In recent years we have increasingly devices and equipment with “Smart” capabilities in our homes, capable of communicating with each other and accessing all types of cloud services through the Internet.
However, we have already commented on other occasions how the majority of them they are not completely safe, but they are susceptible to being attacked and therefore someone violating our privacy. How is the situation right now?
Well since the consumer organization OCU have developed a test to check the possible vulnerabilities of a selection of products for the connected home and home automation, reaching a worrying conclusion that we will review below.
A smart but vulnerable home
According to what they say on their website, OCU has selected 17 consumer products domestic among which have included 10 devices from unknown brandspurchased on both Amazon and AliExpress, and others 7 products from well-known brands that came onto the market a long time ago and no longer have manufacturer support, although they are still in use in Spanish homes.
To test the security of the devices, two experts tried to detect their weak points by first investigating what information there was about vulnerabilities already known on the Internet and then trying to use methods such as analyzing network traffic, breaking the security of a WiFi, discover passwordsintercept communications with man-in-the-middle attacks, etc.
They also attempted to reprogram the devices using a digital microscope to identify the microchips and then a logic circuit vulnerability analyzer. The result?

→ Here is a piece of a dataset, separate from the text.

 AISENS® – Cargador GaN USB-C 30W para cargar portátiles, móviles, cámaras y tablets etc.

They identified a total of 61 vulnerabilities, 12 of them critical (serious or very serious) because pose a high risk to the security or privacy of users, being present in video surveillance cameras, electronic locks and portable devices (smartphones, smart watches and children’s tablets). Among the most common security flaws were the following:
- Many manufacturers they still accept weak passwords like “123456”, something that happened in 9 of the 17 devices analyzed.
- Weak or non-existent encryption of communications between devices and applications with servers. Those with access to the network can capture data such as password, username and video recordings.

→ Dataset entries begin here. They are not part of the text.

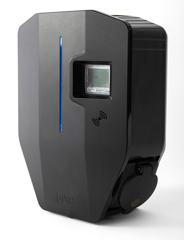 Зарядна станция Entity Pro 22 kW с контакт, фазово балансиране, видим MID електромер и модем със SIM карта за GARO Connect. Entity PRO представлява цялостна стенна зарядна станция, състояща се от следните компоненти: монтажна конзола, заряден модул и преден панел. Моделът е оборудван с контакт.
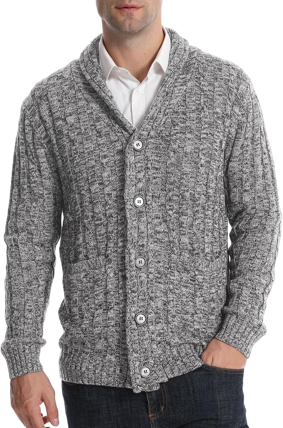 Men Cardigan Sweater Cable Knitted Shawl Collar Cardigans for Men V Neck Long-Sleeve Button-Down Slim Fit Sweater
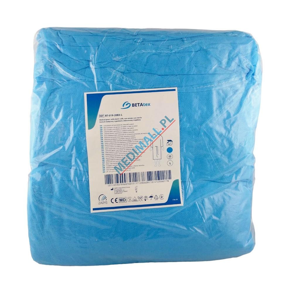 Fartuch medyczny rękaw na GUMKĘ rozm. L (10 szt.) BETATEX NIEBIESKIE włókninowy 20g niejałowy
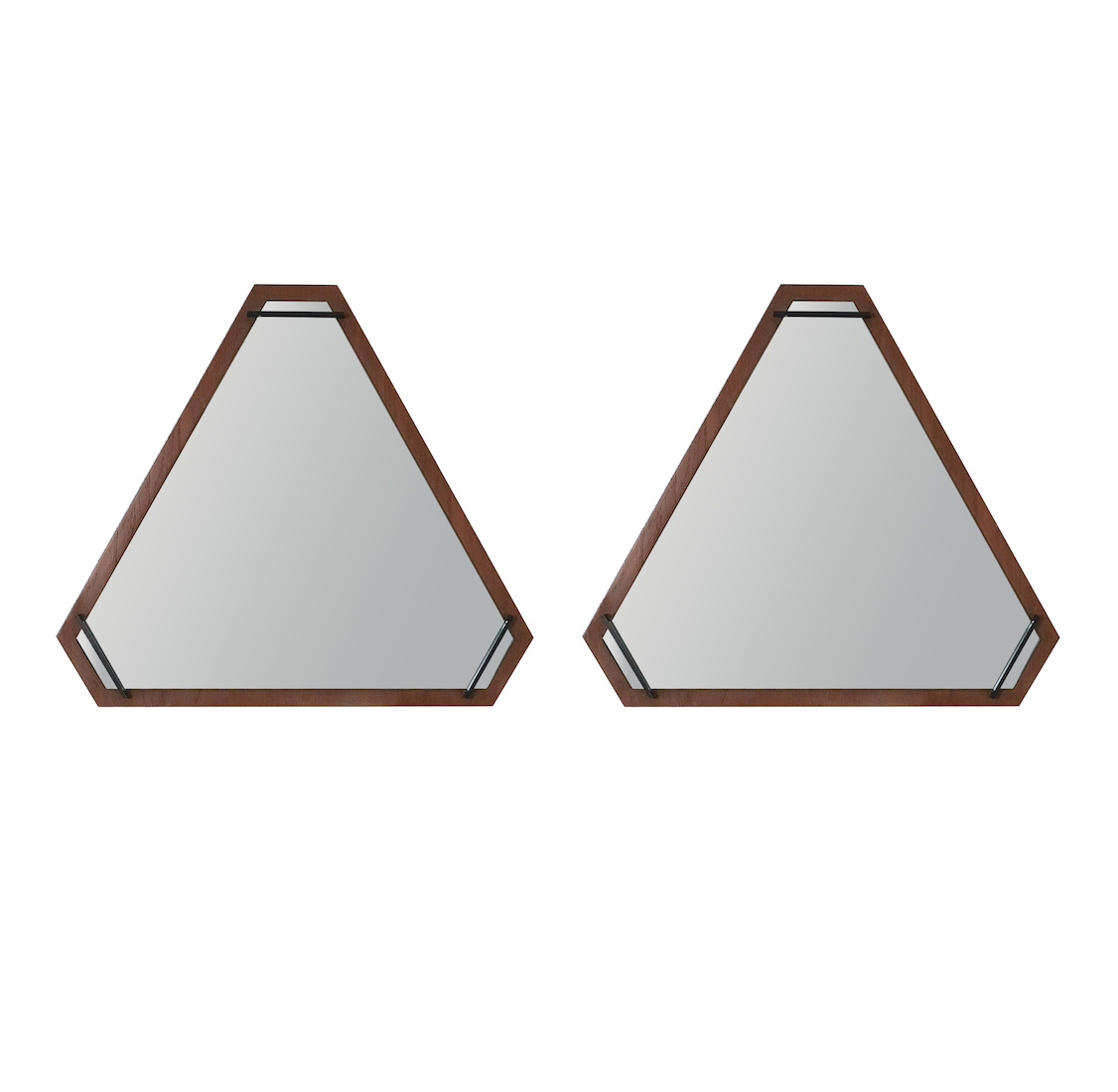 Dino Cavalli Walnut Brass Mirrors (2), Mid-Century Modern, Italy
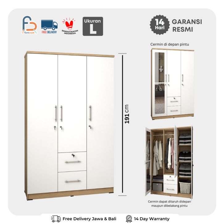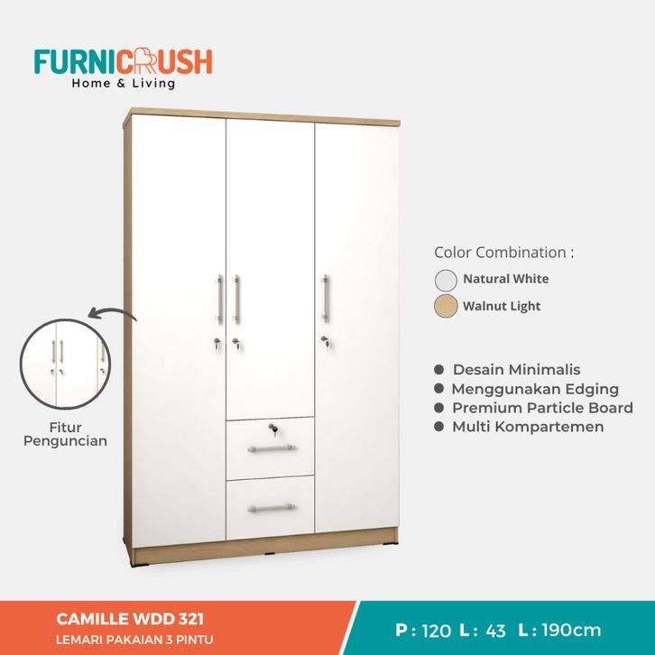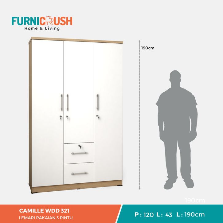 Lemari Pakaian 3 Pintu / Lemari Gamis / Almari Pakaian / Wardrobe Baju Estetik - CAMILLE WDD 321 Model Terbaru 2024
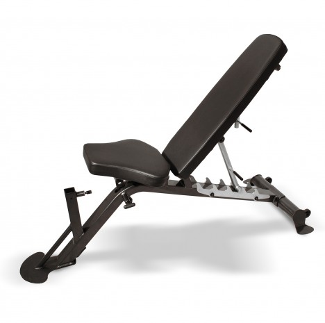 Скамья оснащена транспортировочными колесиками для удобства перемещения по тренажерному залу.

- In four teams you could intercept communications between two parties and alter them (the so-called “man-in-the-middle attack”).
- Vulnerabilities due to lack of software updateeither because of the user or because the brand has stopped providing support for it.
- In addition, they also verified that someone With technical knowledge you can disassemble and manipulate certain equipment since, to facilitate repairs, physical connections are kept accessible allowing software to be altered or malicious programs to be installed.
This study also concludes that all these failures, although they are present in almost all brands, They are more common in little-known ones of foreign origin that we buy many times because of their low price in online stores, but that do not have advanced security measures or support to update possible problems detected.
In this sense, OCU recommends, for example, that let’s always buy from online stores based in the European Union and that we opt for devices from well-known brands that have the latest versions of operating systems.